DepartmentCivil & Environmental Engineering

Faculty HostTal Cohen

Biographical Details

Shahar earned his B.S. in Physics from the Hebrew University in Jerusalem in 2016. He moved on to a M.S. degree in Physics under the Nano-Science excellence program, and then joined the lab of Prof. Jay Fineberg to study the mechanisms controlling the onset of frictional motion. His Ph.D. work focused on the formation of interfacial ruptures, which later led to the initiation of sliding. For this work, which has important implications to nucleation of earthquakes along tectonic faults, he was awarded the Goodman Prize from the Racah Institute of Physics in the Hebrew University. In 2016-2024, Shahar served as a teaching assistant, mentoring undergraduate students in their lab courses in physics. In 2025, Shahar was selected as a MIT-Kalanyiot Postdoctoral Fellow, and as a Zuckerman Postdoctoral Scholar.

Research Interests

Shahar Gvirtzman is an experimental physicist, whose research lies at the interface of soft matter physics and mechanical engineering. He is interested in the processes leading to material instability, and specifically in the transition from slow processes to rapid failure. He uses a variety of experimental techniques to record these processes and gain insight about the mechanisms controlling the failure dynamics. As failure processes often lack a comprehensive understanding of their underlining mechanisms, he also takes part in formulating a theoretical framework to support the experimental measurements.

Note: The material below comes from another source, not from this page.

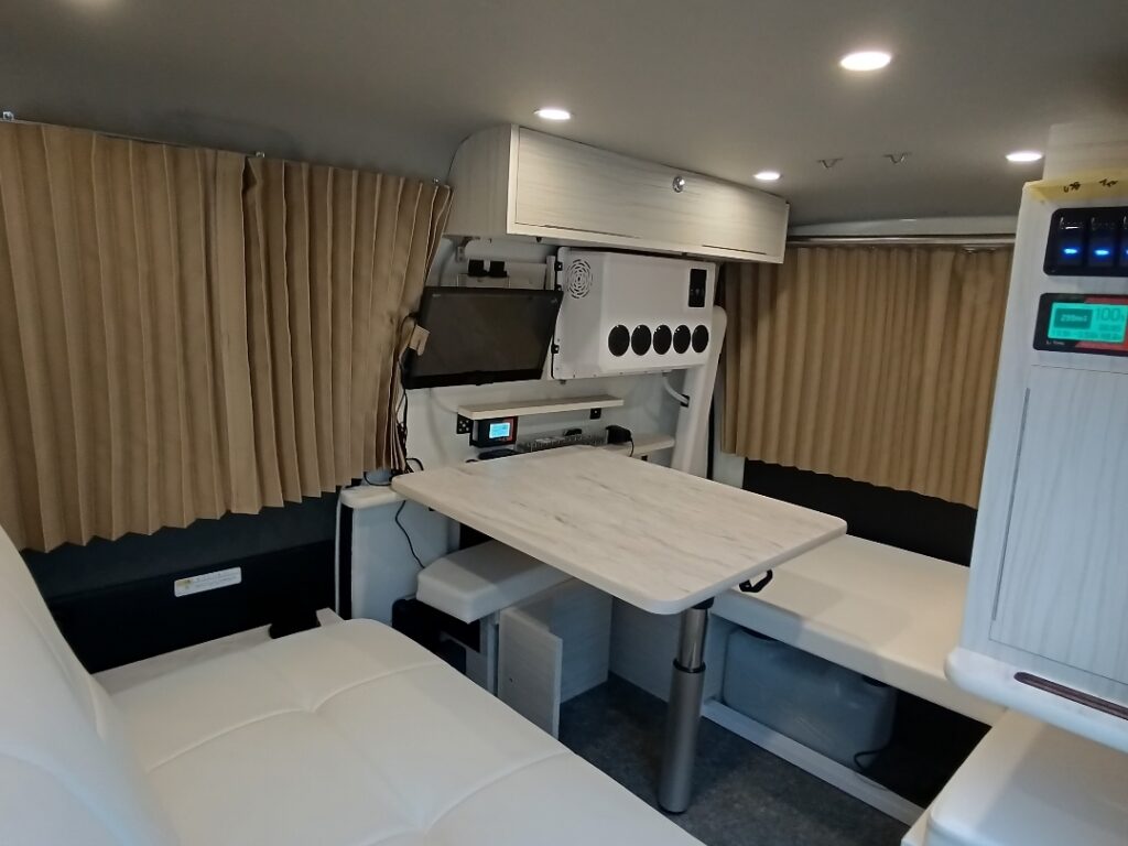内装の設計や材料の調達、装備の組み込みなどが行われます。お客様のご要望に合わせてカスタマイズを行いながら、キャンピングカーの製作が行われます。

In his Ph.D., Shahar studied the onset of frictional sliding and managed to conduct, for the first time, controlled nucleation experiments, where the formation of frictional ruptures that enable the initiation of sliding was studied in detail. In his postdoctoral studies at MIT, he intends to study cavitation and fracture phenomena in soft materials, and study how the material softness affects its failure behavior.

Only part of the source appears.